# Work instructions
Could you write out, exactly, every line from the top of the data through the line holding "А этот жуткий"? Omit the pictures.
———
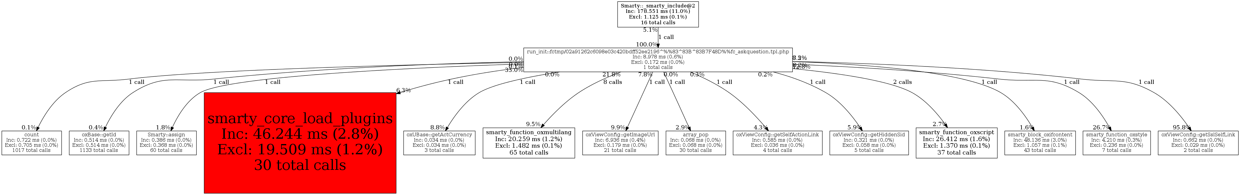 smarty_core_load_plugins1 4.5% 2,909 32.4% 4,001 50.0% 9,320 16.3% 7,904 7.7%
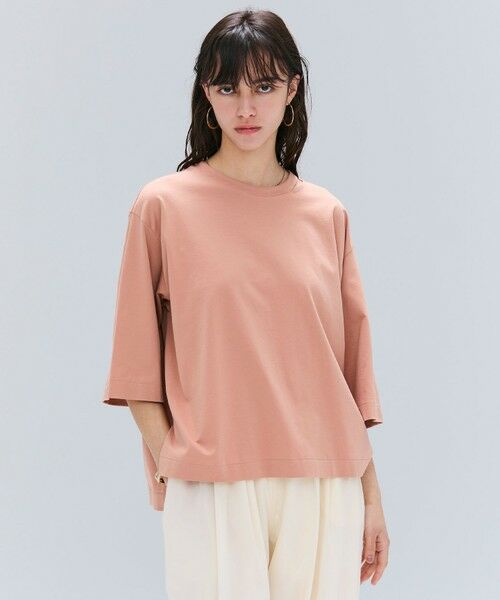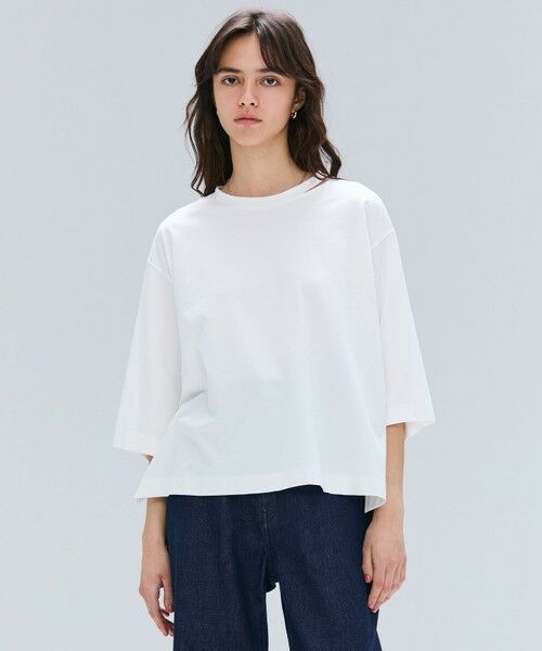 柔らかな肌触りのカットオフ入りオーバーサイズTシャツ。デコルテを美しく見せるスネックがさりげない抜け感を演出し、ゆったりとしたシルエットに洗練されたシャープさをプラス。上質なコットンを贅沢に使用することでカジュアルながらも品のある印象にまとめ、タイトスカートと合わせてオフィスにも、デニムやワイドパンツと合わせてカジュアルスタイルを楽しむのもおすすめです。着心地のよさとさりげないデザインで、日常にリラックス感を添えるカットソーです。
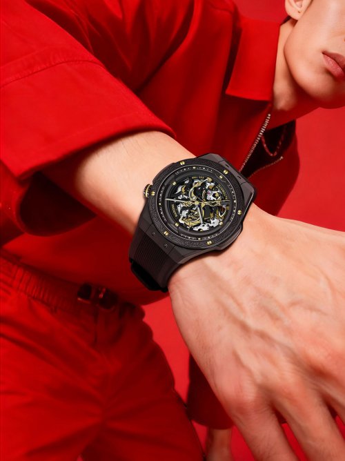 除了核心的金马造型,这款腕表在工艺细节上同样令人赞叹,1200度激光凝聚切割技术 ,结合超亮电铸UP,精心匠造全表零件,让金马在复杂立体的机械结构中依然轮廓分明,栩栩如生;而源自于书法大家的倒置“成”字,历经多道精细打磨工艺,清晰展示出其自带的东方书法韵味与潮酷金马相得益彰。
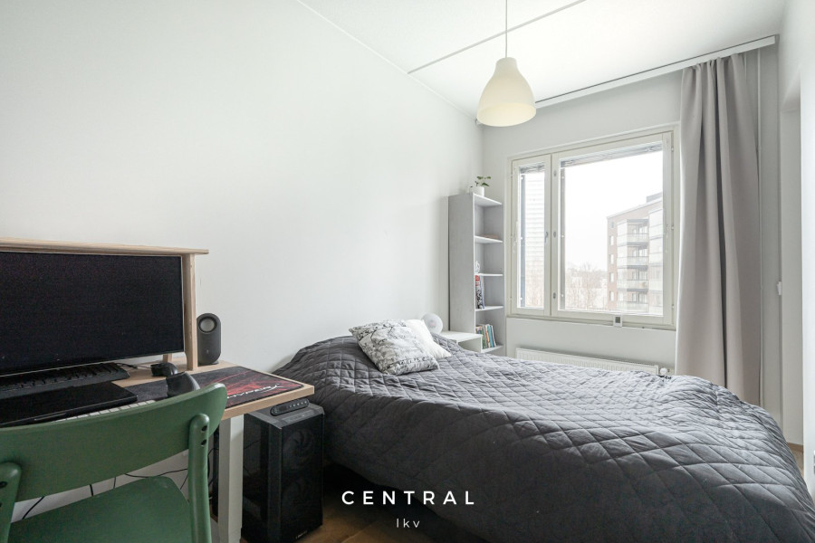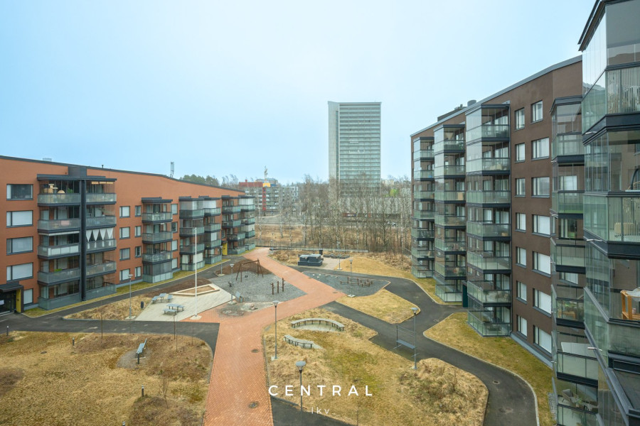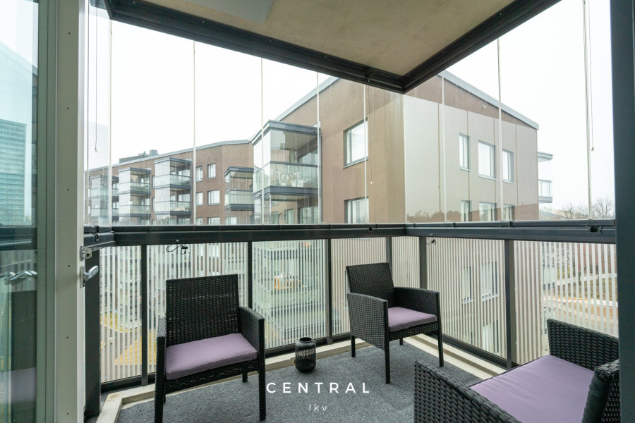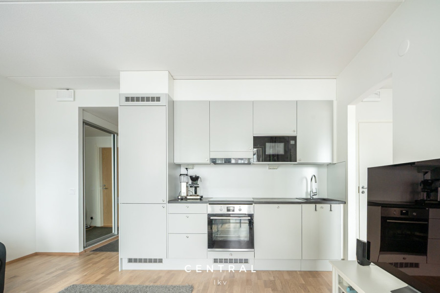 Asunnon avokeittiö on laadukkaasti varusteltu, ja olohuoneesta on käynti etelään suuntautuvalle lasitetulle parvekkeelle, josta avautuvat avarat näkymät sisäpihalle. Makuuhuoneessa on tilaa niin työpisteelle kuin suurelle sängyllekin, makuuhuoneen yhteydessä myös vaatehuone.
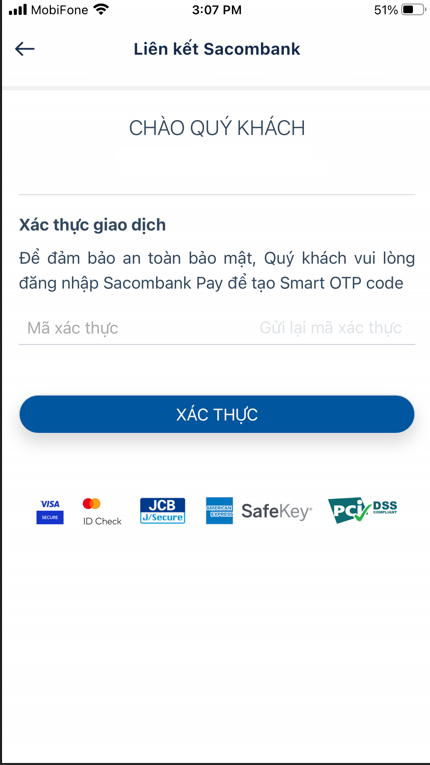 Bước 4: Lấy mã xác minh từ Sacombank Pay hoặc SMS OTP (tùy phương thức xác thực bạn đăng ký với ngân hàng)
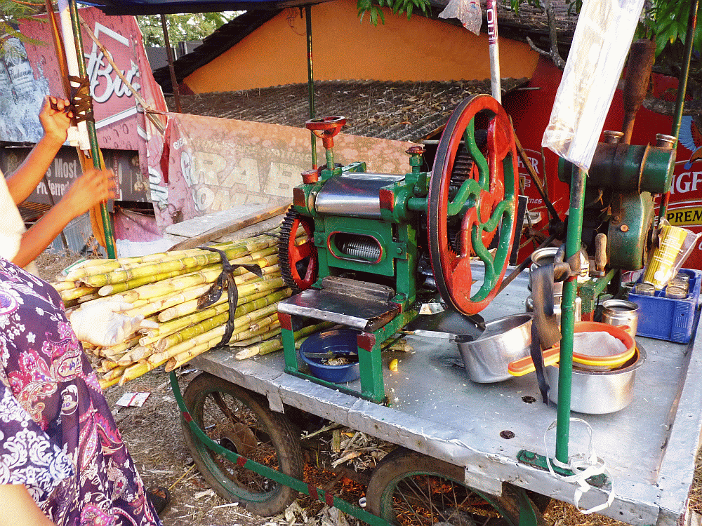 А этот жуткий агрегат-всего лишь соковыжималка ! Она со страшным скрежетом,искря и пыхтя,жмёт сок из тростника,и Вы вкушаете очень вкусный напиток!
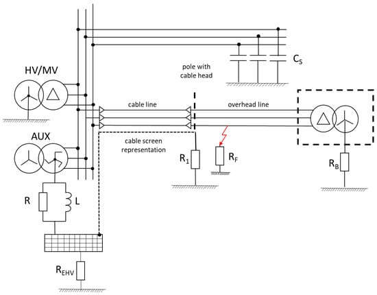 Figure 3 presents a schematic diagram of a section of the power grid, which served as the starting point for creating the simulation model. The grid, assumed as the basic configuration, consists of the power supply section at the HV/MV substation, which houses the HV/MV supply transformer and a grounding transformer with an arc-suppression coil. Furthermore, the substation is equipped with two feeder bays, one of which, the cable-to-overhead line, will be the point for the modifications. The tests will include the voltage waveforms induced in the cable screen and the maximum short-circuit overvoltage level generated in the cable screen of the power cable due to a short circuit occurring near the cable in the overhead line connected with the cable at the cable head. The network simulation model created for the tests is shown in Figure 4.
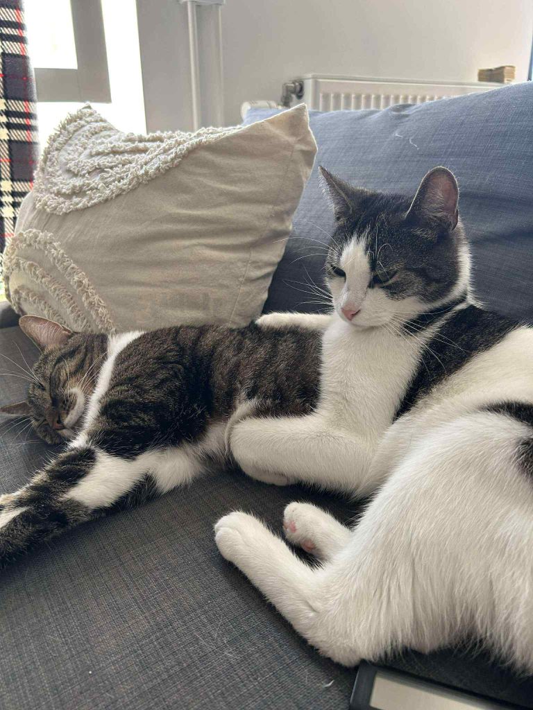 Luna och Legolas söker ett nytt hem då deras nuvarande ägare behöver flytta utomlands. De är två lugna, trevliga och behagliga katter. Dom är mycket tysta och smidiga och har tagit sig an hela huset. När dom först kom till sitt jourhem var dom lite skygga och avvaktande. Sakta har förtroendet byggts upp och dom blir mer och mer bekväma för var dag som går.
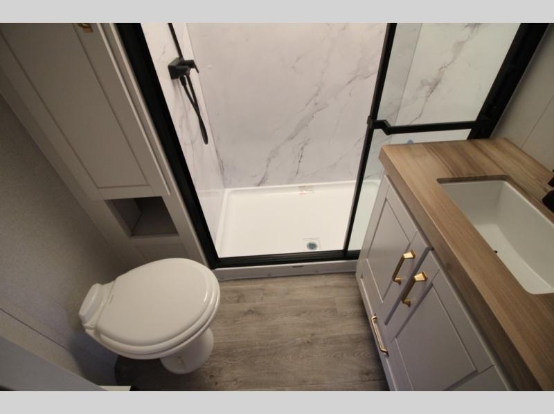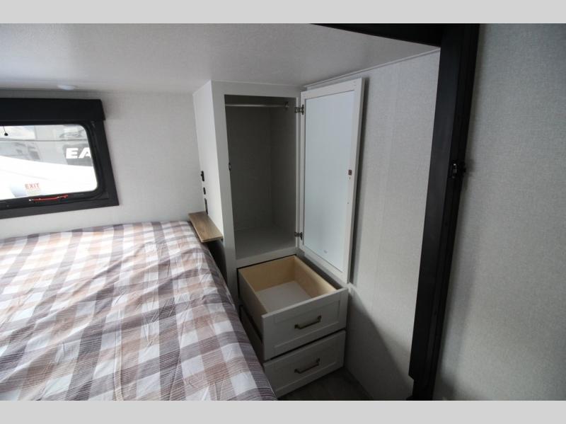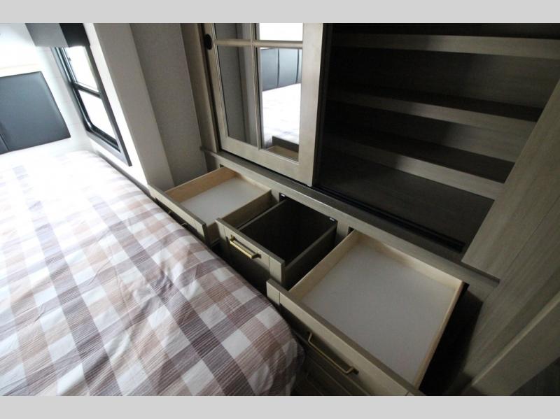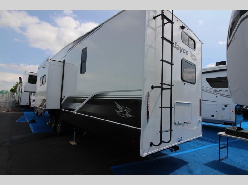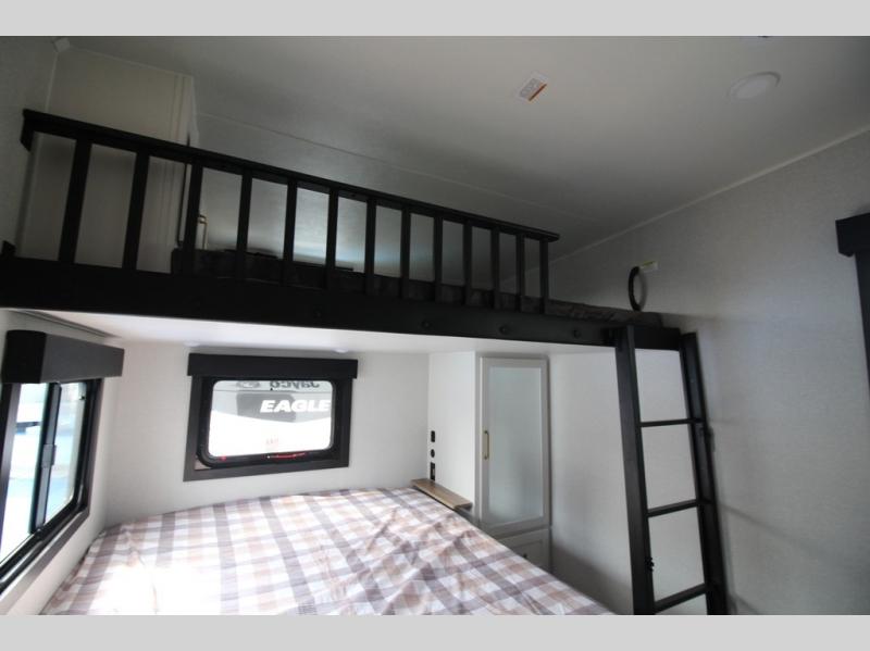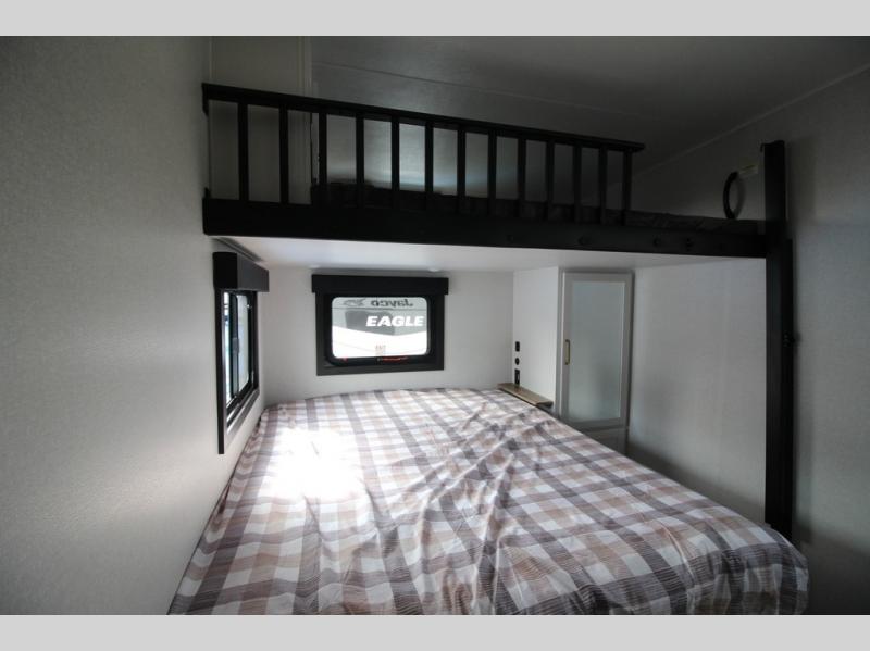 With any Eagle fifth wheel by Jayco you will appreciate durable construction materials, like the Magnum Truss Roof and the Stronghold VBL laminated walls. The JAYCOMMAND Smart RV system puts you in control of your RV's functions, and the 5 Star Handling Package will provide smooth towing from home to camp. Each model features Climate Shield zero-degree tested weather protection and the industry-exclusive HELIX cooling system that features two 15,000 BTU Whisper Quiet A/C's to keep you comfortable year around. Some of the exterior conveniences you are sure to love are the pass-through storage with Slam-Latch baggage doors and an automotive style front cap with max turn radius. The Eagle fifth wheels are designed to make you feel at home with solid hardwood slide fascia, residential vinyl flooring throughout, 100% no floor vents, and blackout roller shades with reflective side throughout for added privacy and insulation.
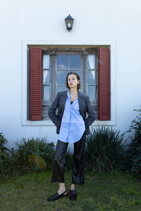 Camisa confeccionada en poplin de algodón. Tiene rayas muy angostas celestes y blancas. Nuestro articulo 2 en 1, ya que posee una cartera de botones horizontales para que puedas usarla corta (a la cadera) o larga (tapa la cola).
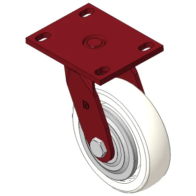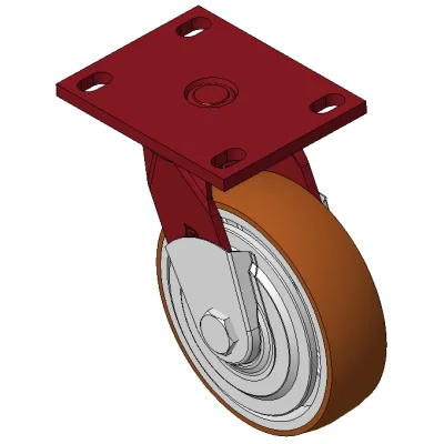Bánh xe xoay với khung thép hàn, sơn phủ màu đỏ.
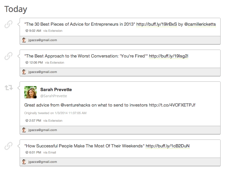 — Joel Gascoigne (@joelgascoigne) November 25, 2013Now when Joel adds new Tweets to his Buffer queue, he thinks about the type of each one, and how we wants to use those types to add variety to his Twitter account. Joel’s found a good balance between these by working with a sharing ratio.
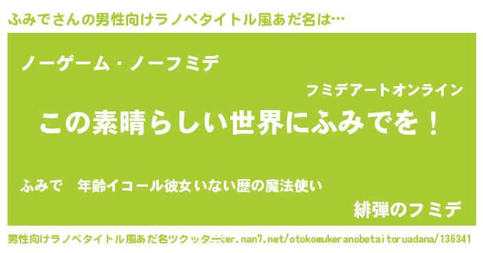 | 女子向けラノベタイトル風あだ名 | 『悪役ふみでに転生したようですが、知った事ではありません』 |
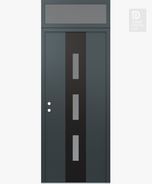 Modern Steel Front Door DIAMOND A7 36" X 96" ANTHRACITE/ANTHRACITE FROSTED GLASS PANEL BLACK LHI WITH TRANSOM FROSTED GLASS
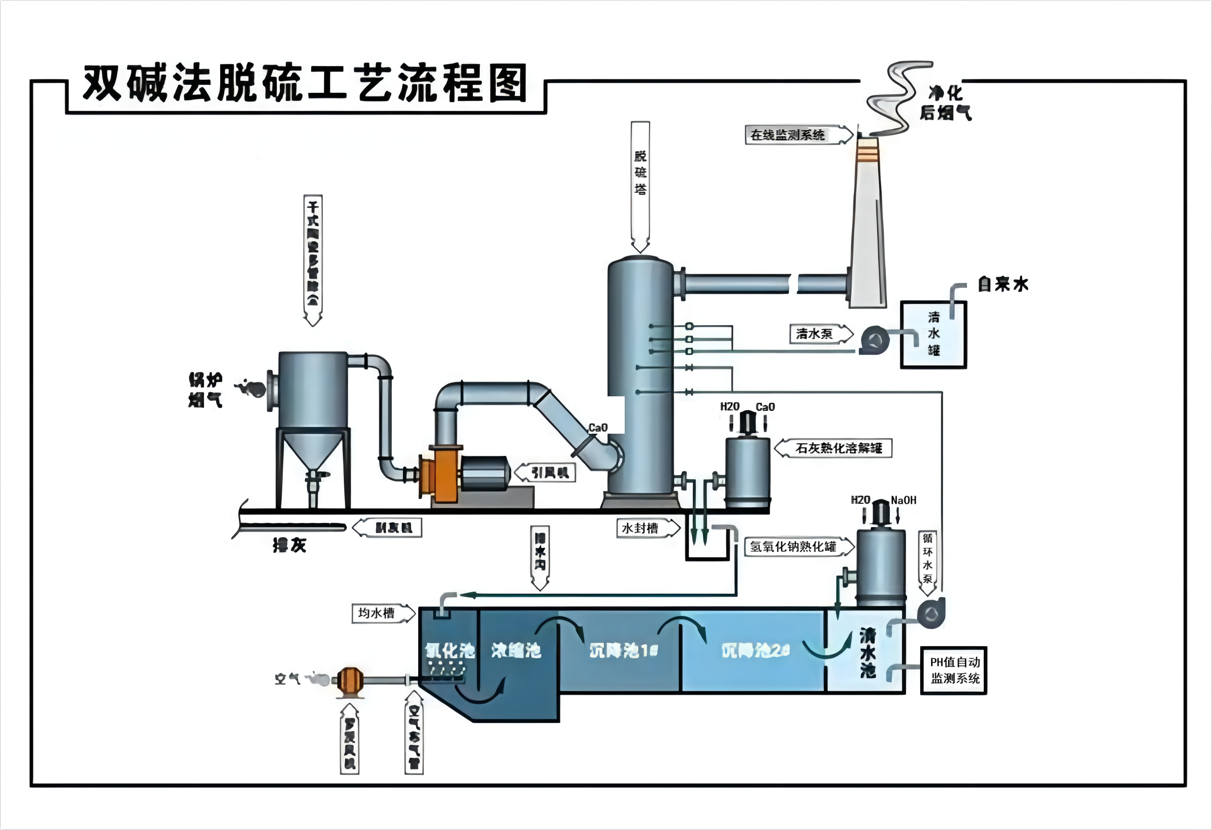 双碱法是采用可溶性的碱性清液作为吸收剂吸收SO2,然后用石灰乳对吸收液进行再生,由于在反应和吸收液处理中,使用了不同类型的碱,故称为双碱法。钠钙双碱法是以莜酸钠和氧氧化钠溶液为第一碱吸收畑气中的SO2,然后再用石灰和熟石灰作为第二碱,处理吸收液。再生后的吸收液送回吸收塔循环使用。系统脱硫效率达到90%以
———
# Output of the task
 smarty_core_load_plugins1 4.5% 2,909 32.4% 4,001 50.0% 9,320 16.3% 7,904 7.7%
 柔らかな肌触りのカットオフ入りオーバーサイズTシャツ。デコルテを美しく見せるスネックがさりげない抜け感を演出し、ゆったりとしたシルエットに洗練されたシャープさをプラス。上質なコットンを贅沢に使用することでカジュアルながらも品のある印象にまとめ、タイトスカートと合わせてオフィスにも、デニムやワイドパンツと合わせてカジュアルスタイルを楽しむのもおすすめです。着心地のよさとさりげないデザインで、日常にリラックス感を添えるカットソーです。
 除了核心的金马造型,这款腕表在工艺细节上同样令人赞叹,1200度激光凝聚切割技术 ,结合超亮电铸UP,精心匠造全表零件,让金马在复杂立体的机械结构中依然轮廓分明,栩栩如生;而源自于书法大家的倒置“成”字,历经多道精细打磨工艺,清晰展示出其自带的东方书法韵味与潮酷金马相得益彰。
 Asunnon avokeittiö on laadukkaasti varusteltu, ja olohuoneesta on käynti etelään suuntautuvalle lasitetulle parvekkeelle, josta avautuvat avarat näkymät sisäpihalle. Makuuhuoneessa on tilaa niin työpisteelle kuin suurelle sängyllekin, makuuhuoneen yhteydessä myös vaatehuone.
 Bước 4: Lấy mã xác minh từ Sacombank Pay hoặc SMS OTP (tùy phương thức xác thực bạn đăng ký với ngân hàng)
 А этот жуткий агрегат-всего лишь соковыжималка ! Она со страшным скрежетом,искря и пыхтя,жмёт сок из тростника,и Вы вкушаете очень вкусный напиток!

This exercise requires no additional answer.